TRY IT: Extract verbatim every line from the one containing "Затем поливаем салат" to the final line of the records below, inclusive, and exclude all pictures.

Items listed in a dataset
● ● ● ● ●

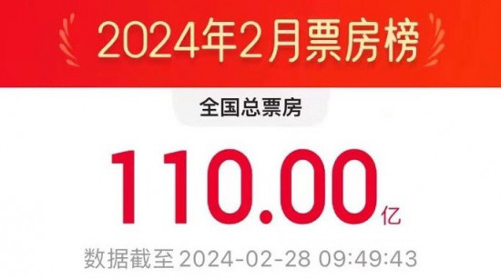 1905电影网讯 票房再创新高!据猫眼专业版数据显示,截至2月28日9时49分,2024年2月总票房(含预售)破110亿,超越2022年同期,升至中国影史单月票房榜第三位。
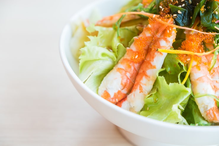 Затем поливаем салат соусом и добавляем сверху приготовленные креветки. Салат готов!
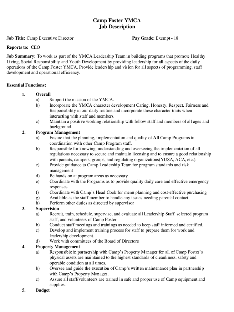 Camp Foster YMCA Job Description Job Title: Camp Executive Directory Grade: Exempt 18Reports to: CEO Job Summary: To work as part of the YMCA Leadership Team in building programs that promote Healthy
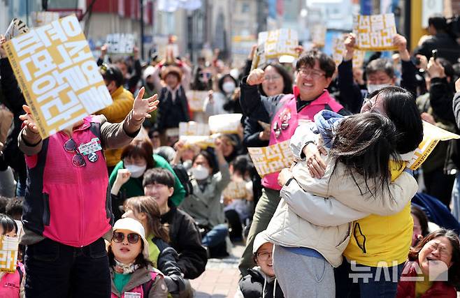 [대구=뉴시스] 이무열 기자 = 윤석열 대통령이 파면된 4일 대구 중구 CGV대구한일 앞에서 윤 대통령 탄핵 찬성 집회 참가자들이 기뻐하고 있다. 2025.04.04. lmy@newsis.com
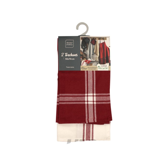 SET 2 PAÑOS ROJO 50X70CM BLANCO ALGODON
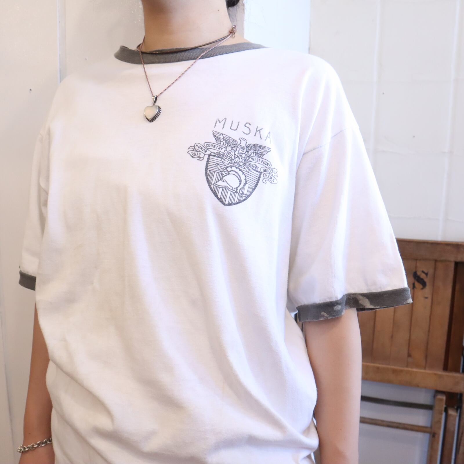 70s-80s champion white×khaki USMA print ringer T-shirt [k-3788]

● ● ● ● ●

RESPONSE BOX:
 Затем поливаем салат соусом и добавляем сверху приготовленные креветки. Салат готов!
 Camp Foster YMCA Job Description Job Title: Camp Executive Directory Grade: Exempt 18Reports to: CEO Job Summary: To work as part of the YMCA Leadership Team in building programs that promote Healthy
 [대구=뉴시스] 이무열 기자 = 윤석열 대통령이 파면된 4일 대구 중구 CGV대구한일 앞에서 윤 대통령 탄핵 찬성 집회 참가자들이 기뻐하고 있다. 2025.04.04. lmy@newsis.com
 SET 2 PAÑOS ROJO 50X70CM BLANCO ALGODON
 70s-80s champion white×khaki USMA print ringer T-shirt [k-3788]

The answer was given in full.